Размышляя над отношениями Мысливечка и Габриэлли по общему поведению их и тому, как отразились они в документах, видишь нечто, о чем хотелось бы сказать: ускользающее, не дающееся, поднесенное к губам, но не выпитое, как говорится в присказках русских народных сказок: «по губам текло, а в рот не попало». Было это не только потому, что судьба артистов постоянно разделяла их, гоняя из города в город, из одного конца страны в другой; и не только потому, что по своему материальному состоянию маэстро ди Капелла был в несравненно худшем положении, нежели знаменитая виртуозка, осыпанная драгоценностями: ведь за лучшую оперу он получал каких-нибудь шестьдесят дукатов, и это случалось не чаще двух-трех раз в год, а она только с набранных ею богатств имела под старость одной ренты двенадцать тысяч франков в год. Было это и в социальном отношений неравенством, когда виртуозка, жившая с королями и министрами, обзывала наследника испанского престола, чистокровного Бурбона, «проклятым горбуном», а капельмейстер хлебом своим зависел не только от великих мира сего, но и от их прислужников. Нет, такие дистанции были бы преодолимы для большой любви. Но что-то в характере обоих создавало внутреннее расхождение, словно большие жизни их плыли в океане человеческих судеб всегда по параллельным орбитам, никогда по встречным.

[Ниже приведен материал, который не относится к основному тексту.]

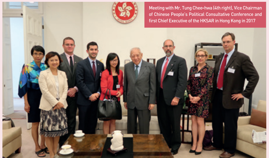
Meeting with Mr. Tung Chee-hwa (4th right), Vice Chairman of Chinese People's Political Consultative Conference and first Chief Executive of the HKSAR in Hong Kong in 2017

В невероятных, часто не объяснимых никакой внутренней логикой трюках и выходках Габриэлли видишь и ощущаешь очень мало внутреннего удовольствия для нее, словно проделывала она их не от «хорошей жизни», как говорится. Не от счастья. И хотя память сохраняет о ней ее огромную щедрость, помощь товарищам в беде («расшвыривание денег», по Леопольду Моцарту), но нельзя ее себе представить
То, что совершила она с Мысливечком под конец его жизни, бывшим ведь, помимо всего прочего, ее товарищем-музыкантом, полно такой черной, такой поистине дьявольской злобы, что о доброте Габриэлли, настоящей, человеческой, и речи не может быть. И в ее выходках, которыми она особо отличилась в Неаполе, в первый год большой любви к ней чешского капельмейстера, как струйка серного газа из корки Сольфатара, пробивается, по-моему, нечто до странности напоминающее бешенство. Лишенные веселья и радости, захватывающего удовольствия, заливающегося смеха, совсем не зажженные блеском и искрами ранней молодости, способной с ума сходить от забавы при поднятии в воздух одного пальца, — ей ведь было уже в 1767–1768 году полных тридцать семь лет, — выходки ее проделываются как будто назло, назло себе и другим, совершенно иррационально, бездумно и импульсивно.
Габриэлли была завистлива. На сцене она всегда должна была блистать в единственном числе. Она завидовала даже своему партнеру, неуспех которого мог бы ведь снизить в качестве и ее успех, если этот партнер был знаменит, как и она. Под старость, не желая признать себя побежденной самим временем, она упорно продолжала держаться сцены, хотя голос ее ослабел. И успех чешского маэстро, хотя бы она и влюбилась в него, обаятельного, молодого, моложе ее на семь лет, серьезного и глубокого, не только радовал, но и раздражал ее, и она часто преуменьшала этот успех пренебрежительным «отведением его на место»: «он писал для меня», «он понимал мой голос, как никто». Эти внешние как бы хвалы, в сущности, унижали Мысливечка, унижали большого творца в нем. И серьезный чех, даже если без удержу поплыл по всем сумасшедшим потокам ее капризов, внутренне, в силу природы своей, не отдавался им целиком, и эта твердыня человечности, серьезность, недоступная ей самой, приводила, вероятно, Габриэлли в тайное бешенство. Не имея сил очеловечиться, она не могла лишить человечности, «обрусалочить», любовника, выесть душу его, — и она разбила ему жизнь.